"My philosophy is - if it can't be done, let's do it anyway," he said.
Not long ago, Kelly asked the kids if they'd be willing to take the school's concert band in a whole new direction, CBS News correspondent Steve Hartman reports.
Their reactions varied from "thrilled" to "scared" to "how can blind people do this?"
But nevertheless, the kids agreed, got some uniforms and double-tied their shoes.
"And we became the first blind marching band in the land," one student said.
That's right - a blind marching band, something hard to pull off for several reasons. For one, they can't see the director, though he goes through the motions anyway.
"I can't just stand up in a band and not do that, you know," he said.

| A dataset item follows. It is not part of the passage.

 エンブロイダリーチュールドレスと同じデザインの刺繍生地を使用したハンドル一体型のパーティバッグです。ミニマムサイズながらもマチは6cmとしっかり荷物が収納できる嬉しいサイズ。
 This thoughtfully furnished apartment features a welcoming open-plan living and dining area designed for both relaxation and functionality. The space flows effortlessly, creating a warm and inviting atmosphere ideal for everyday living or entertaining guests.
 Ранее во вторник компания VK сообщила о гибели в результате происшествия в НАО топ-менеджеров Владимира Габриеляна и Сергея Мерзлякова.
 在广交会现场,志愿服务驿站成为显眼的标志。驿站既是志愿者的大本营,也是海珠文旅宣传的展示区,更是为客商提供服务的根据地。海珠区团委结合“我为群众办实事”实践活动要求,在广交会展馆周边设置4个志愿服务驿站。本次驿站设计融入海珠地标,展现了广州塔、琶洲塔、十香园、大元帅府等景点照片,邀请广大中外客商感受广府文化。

But even more importantly, a marching band involves marching.
"I think our first goal was just to see if we could march and stay in a line," one of the students said.

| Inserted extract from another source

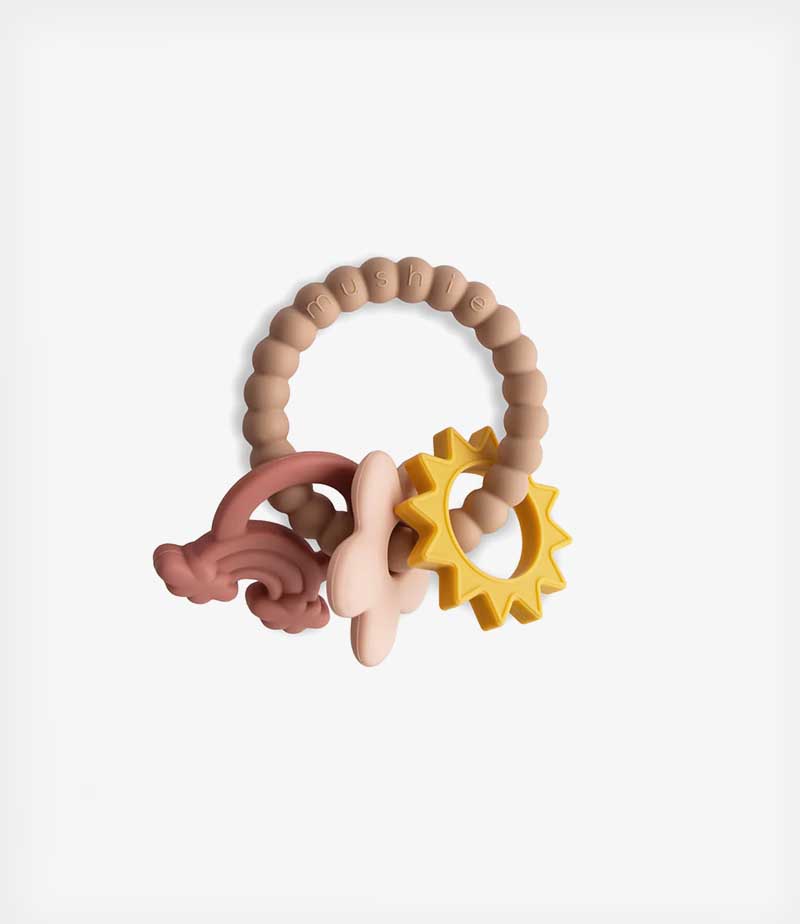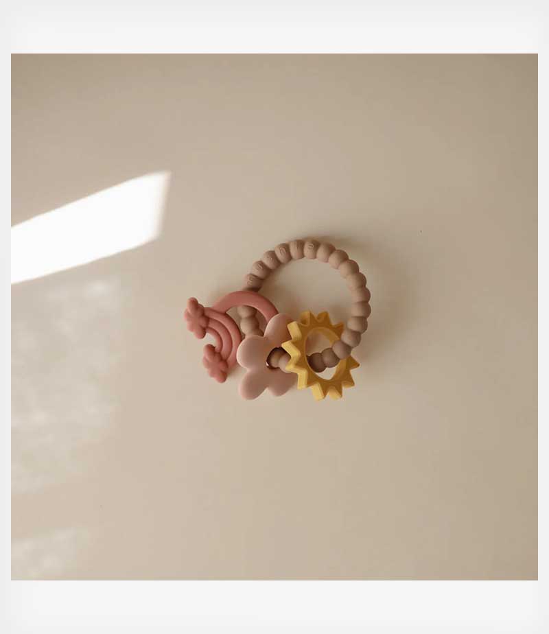 Βοηθήστε τα μικρά να εξερευνήσουν πλούσιες αισθήσεις, σχήματα και υφές με ένα δαχτυλίδι οδοντοφυΐας που περιλαμβάνει τρία στοιχεία της φύσης.

That's the tough part. Any marching band worth its Sousa has to walk a fine line between precision and collision. Do it right, and you make something of yourselves. Do it wrong, and you've got a trombone accident.
Seeing the potential for a demolition derby, Kelly paired each band member with a sighted volunteer - together they spell out Ohio, in Braille. They zig, zag, criss and cross. And on this day they would have had a flawless performance - if not for CBS News' meddling cameraman, who stepped right in front of the saxophonist.

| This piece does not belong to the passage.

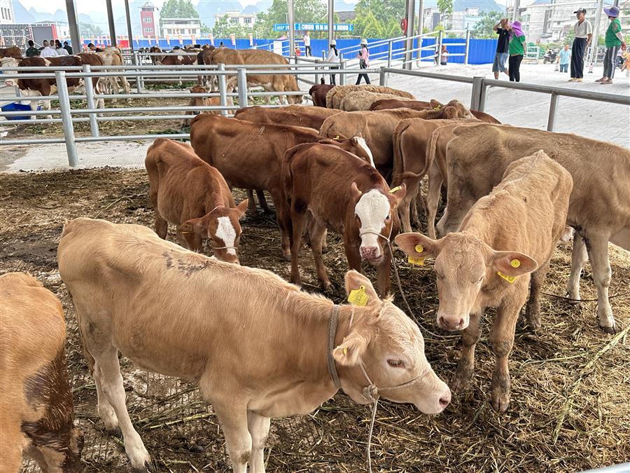 活動(dòng)現(xiàn)場(chǎng),熱鬧非凡,大家參觀了農(nóng)特項(xiàng)目園區(qū)及桂中牛行,并對(duì)園區(qū)今后的發(fā)展提出了意見和建議。桂中牛行作為農(nóng)特項(xiàng)目園區(qū)內(nèi)的首個(gè)主力商家,主營(yíng)活牛羊交易,副營(yíng)馬、驢、騾子等草食動(dòng)物交易。試業(yè)當(dāng)天,牛群“哞哞”聲此起彼伏,一頭頭體格健壯的牛兒一字排開,人們?nèi)宄扇旱貒墼谝黄?,仔?xì)挑選著心儀的牛兒。一旁的牛崽交易市場(chǎng)內(nèi),買家更是爭(zhēng)相搶購(gòu)體態(tài)良好的牛崽,市場(chǎng)交易紅火。

Fortunately, the group's goal isn't to put on a perfect show - Kelly never intended to build a band worthy of the Rose Parade - all he wanted to do was teach these kids that nothing is ever out of the question.
"If you think you have a limitation, chances are you're going to have one," Kelly said.
It's a lesson these students learned for the first time when they took the field and again at an assembly a couple weeks ago when they learned they're going to be in the Rose Parade in 2010.
Hartman hopes to cover their trip - and hopefully with a different cameraman.